Raw data:

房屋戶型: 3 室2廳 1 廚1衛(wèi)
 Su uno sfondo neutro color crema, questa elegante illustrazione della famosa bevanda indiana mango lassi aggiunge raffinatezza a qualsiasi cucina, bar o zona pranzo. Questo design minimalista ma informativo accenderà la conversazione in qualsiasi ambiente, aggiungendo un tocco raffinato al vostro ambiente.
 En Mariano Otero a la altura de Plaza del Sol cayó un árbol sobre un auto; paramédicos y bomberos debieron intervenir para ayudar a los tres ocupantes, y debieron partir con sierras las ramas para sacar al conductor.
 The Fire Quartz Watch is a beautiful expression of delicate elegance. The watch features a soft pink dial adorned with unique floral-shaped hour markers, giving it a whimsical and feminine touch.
* * *
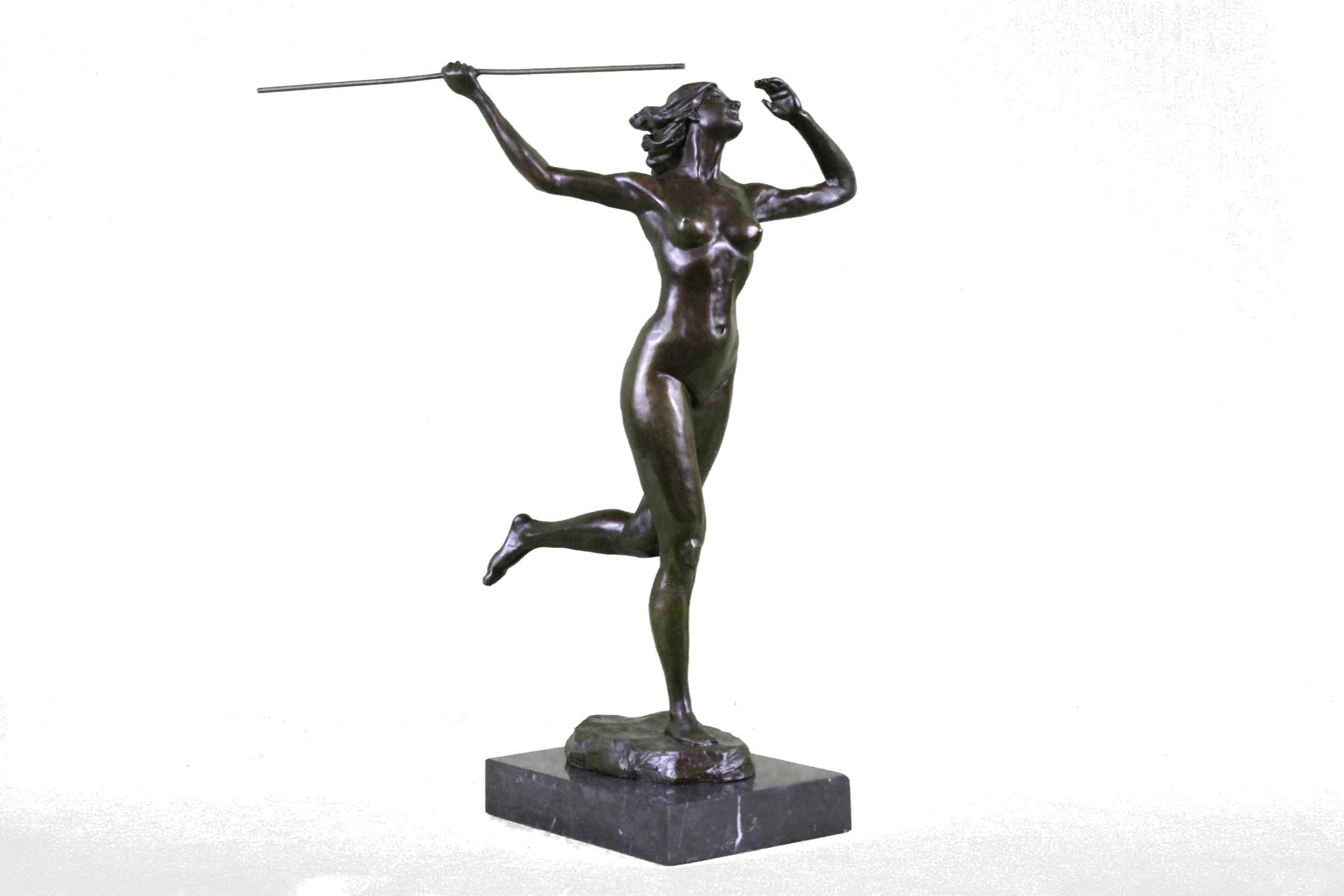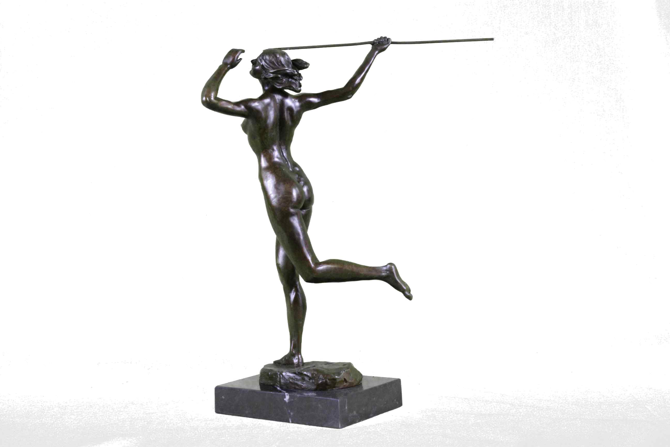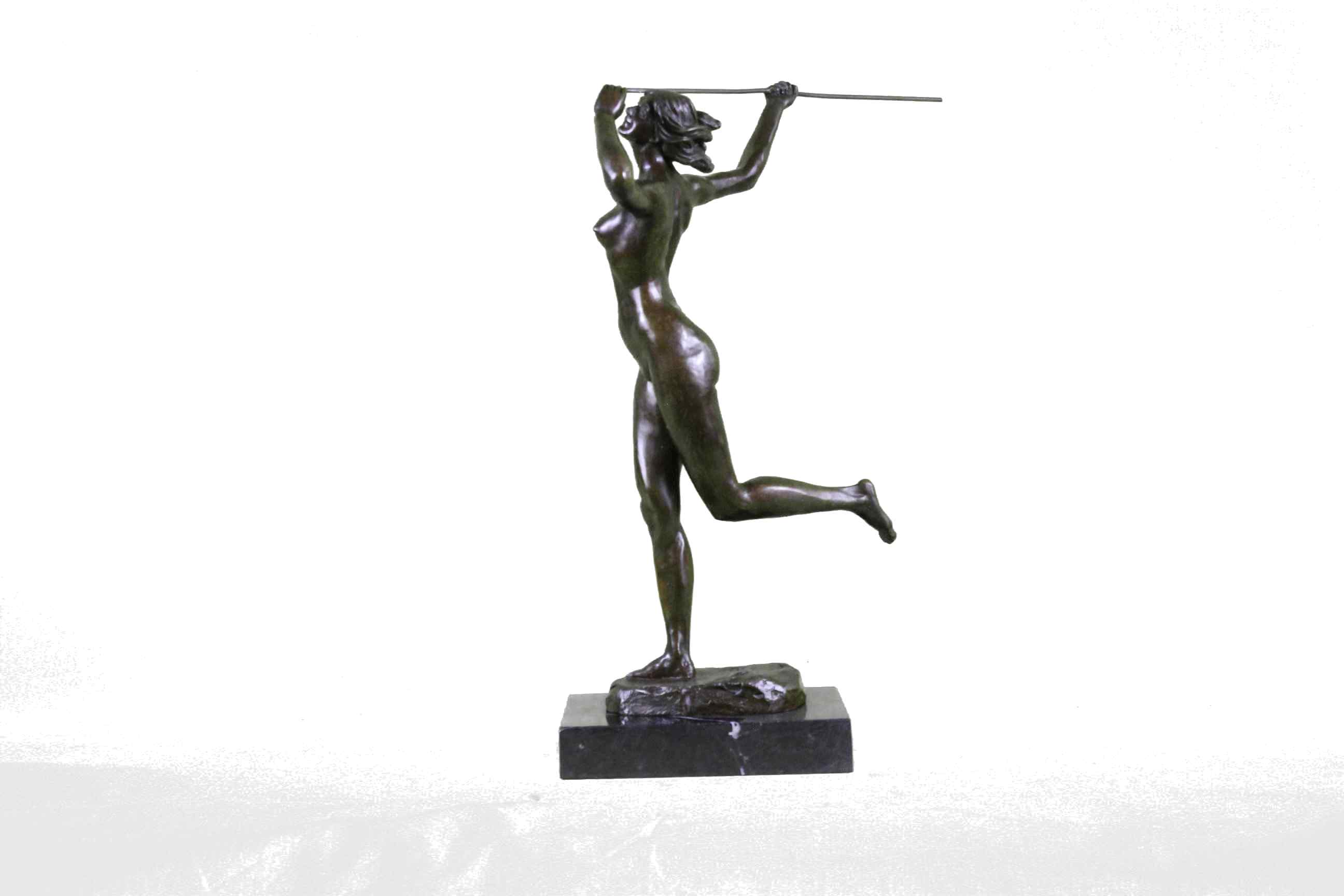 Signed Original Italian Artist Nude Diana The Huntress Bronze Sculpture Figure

Work order:
Look above for the line containing "房屋戶型: 3 室2廳 1 廚1衛(wèi)" and the line containing "Su uno sfondo". Transcribe both, with the lines between them, exactly.

Answer for this exercise:
房屋戶型: 3 室2廳 1 廚1衛(wèi)
 Su uno sfondo neutro color crema, questa elegante illustrazione della famosa bevanda indiana mango lassi aggiunge raffinatezza a qualsiasi cucina, bar o zona pranzo. Questo design minimalista ma informativo accenderà la conversazione in qualsiasi ambiente, aggiungendo un tocco raffinato al vostro ambiente.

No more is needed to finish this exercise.